Prerequisite knowledge

  • A basic understanding of neural networks, including forward and backpropagation, recurrent neural networks, and convolutional neural networks
  • No medical knowledge required

What you'll learn

  • Learn how to apply your intuitions on properties of your data to come up with model architectures and generate hypotheses for problems in the modeling process
  • Explore debugging techniques for deep neural networks, such as analysis of gradients and network activations, and querying the neural network with different inputs, using TensorBoard for visualizations along with synthetic or heuristic prediction tasks


Although deep neural networks have shown high accuracy in fields like computer vision, natural language processing, and medicine, they often behave like black boxes.

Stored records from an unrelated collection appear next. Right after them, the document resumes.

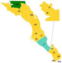 | Keywords: Baja California Sur distritos 2008.svg es Resultados de la elección de Diputados por partido político en el estado de Baja California Sur México en 2008 Own work<br /> Inkscape 2008-02-04 Battroid Maps of Baja California Sur SVG maps of Baja California Sur |
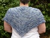 Approximately 420-840 yards of fingering weight yarn in a solid, semi solid or speckled yarn. The textured stitches shine best with a subtle color way but the larger size works very well with a more vibrant color way for the rest of the shawl body, as shown in the larger sample. The small sample was knit using one skein of Djinni sock from Dragonfly Fibers in their color way “Boardwalk Lights”. The larger sample was knit using two skeins of Pixie single ply from Dragonfly Fibers in their color ways “Starry Night” and “Golden Compass”.
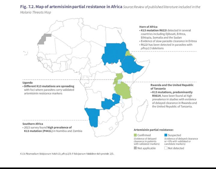 A screenshot from the WHO World Malaria Report 2025, highlighting an Africa map with countries with partial resistance to artemisinin derivatives.

Avesh Singh and Kevin Wu explain the intuitions that went into building DeepHeart, a DNN that detects cardiovascular disease from heart rate data. Next, they explain techniques to debug DNNs, including visualizing activations and training on synthetic data. Avesh and Kevin also analyze gradients for recurrent neural networks, looking for ways to quantify the amount of information loss a network may be experiencing over time. You’ll leave this talk with a greater understanding of how to design and debug a deep neural network for your machine learning task.

Photo of Avesh Singh

Avesh Singh


Avesh Singh is an engineer at Cardiogram, a startup that applies deep learning to wearable data. Previously, Avesh worked at Nest Labs and Google. He holds a a BS and MS in computer science from Carnegie Mellon University.

Photo of Kevin Wu

Kevin Wu


Kevin Wu is an engineer at Cardiogram, a startup that applies deep learning to wearable data. Previously, Kevin worked at Two Sigma and Credit Suisse. He holds a BS and MS in computer science from Stanford University.